# PROBLEM REQUIREMENTS
Each line of the material must be reproduced exactly; pictures stay out.

# COLLECTED DATA
------------------------------------

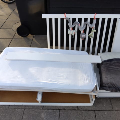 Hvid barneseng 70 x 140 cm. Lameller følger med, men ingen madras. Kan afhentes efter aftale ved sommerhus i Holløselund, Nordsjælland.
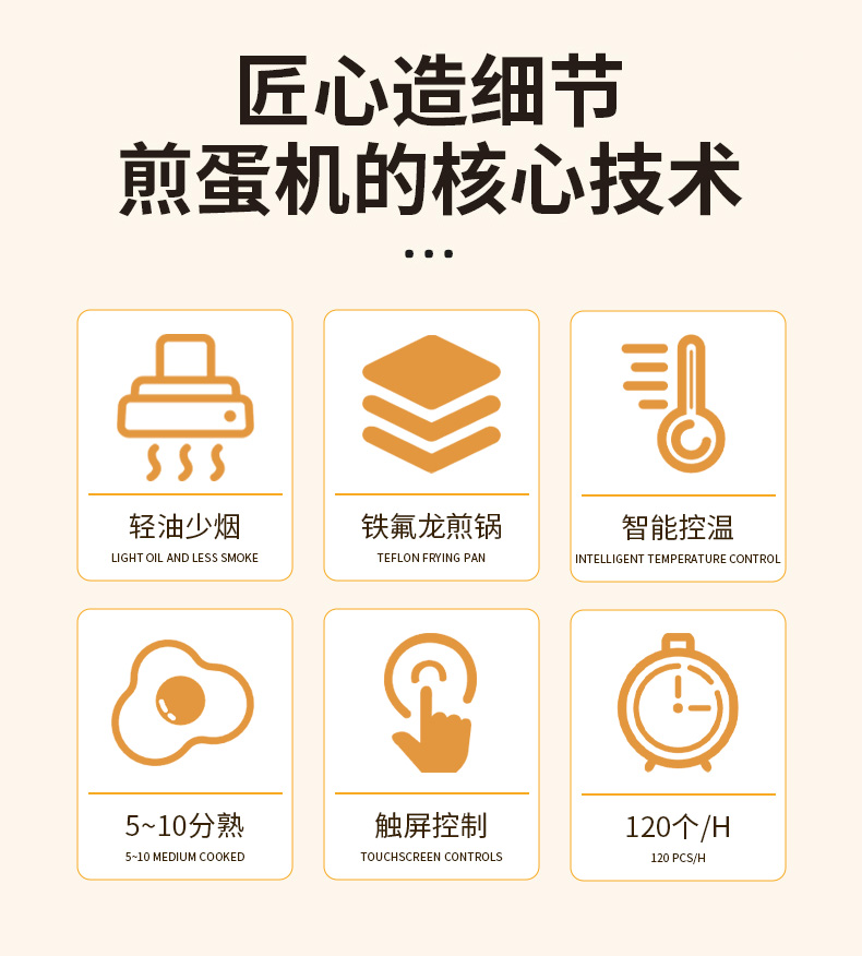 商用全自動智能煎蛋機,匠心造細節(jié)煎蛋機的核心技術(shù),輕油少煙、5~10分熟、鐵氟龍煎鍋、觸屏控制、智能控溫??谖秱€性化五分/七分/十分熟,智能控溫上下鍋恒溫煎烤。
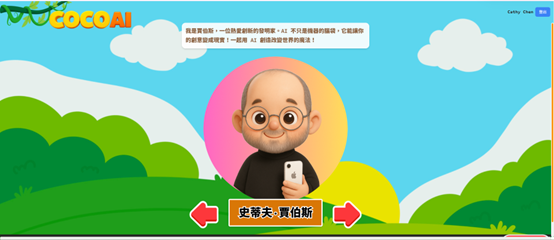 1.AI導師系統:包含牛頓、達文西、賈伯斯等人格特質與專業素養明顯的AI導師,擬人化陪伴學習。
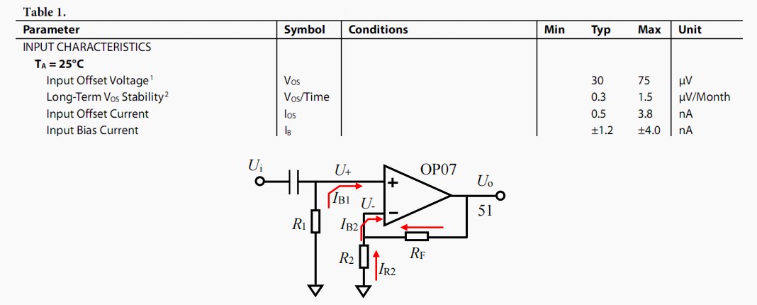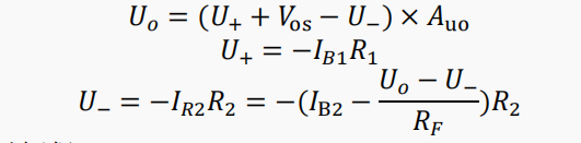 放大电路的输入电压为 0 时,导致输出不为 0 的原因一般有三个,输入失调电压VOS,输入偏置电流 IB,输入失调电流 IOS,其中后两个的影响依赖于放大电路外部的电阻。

------------------------------------

# RESULT OF THE TASK
 Hvid barneseng 70 x 140 cm. Lameller følger med, men ingen madras. Kan afhentes efter aftale ved sommerhus i Holløselund, Nordsjælland.
 商用全自動智能煎蛋機,匠心造細節(jié)煎蛋機的核心技術(shù),輕油少煙、5~10分熟、鐵氟龍煎鍋、觸屏控制、智能控溫??谖秱€性化五分/七分/十分熟,智能控溫上下鍋恒溫煎烤。
 1.AI導師系統:包含牛頓、達文西、賈伯斯等人格特質與專業素養明顯的AI導師,擬人化陪伴學習。
 放大电路的输入电压为 0 时,导致输出不为 0 的原因一般有三个,输入失调电压VOS,输入偏置电流 IB,输入失调电流 IOS,其中后两个的影响依赖于放大电路外部的电阻。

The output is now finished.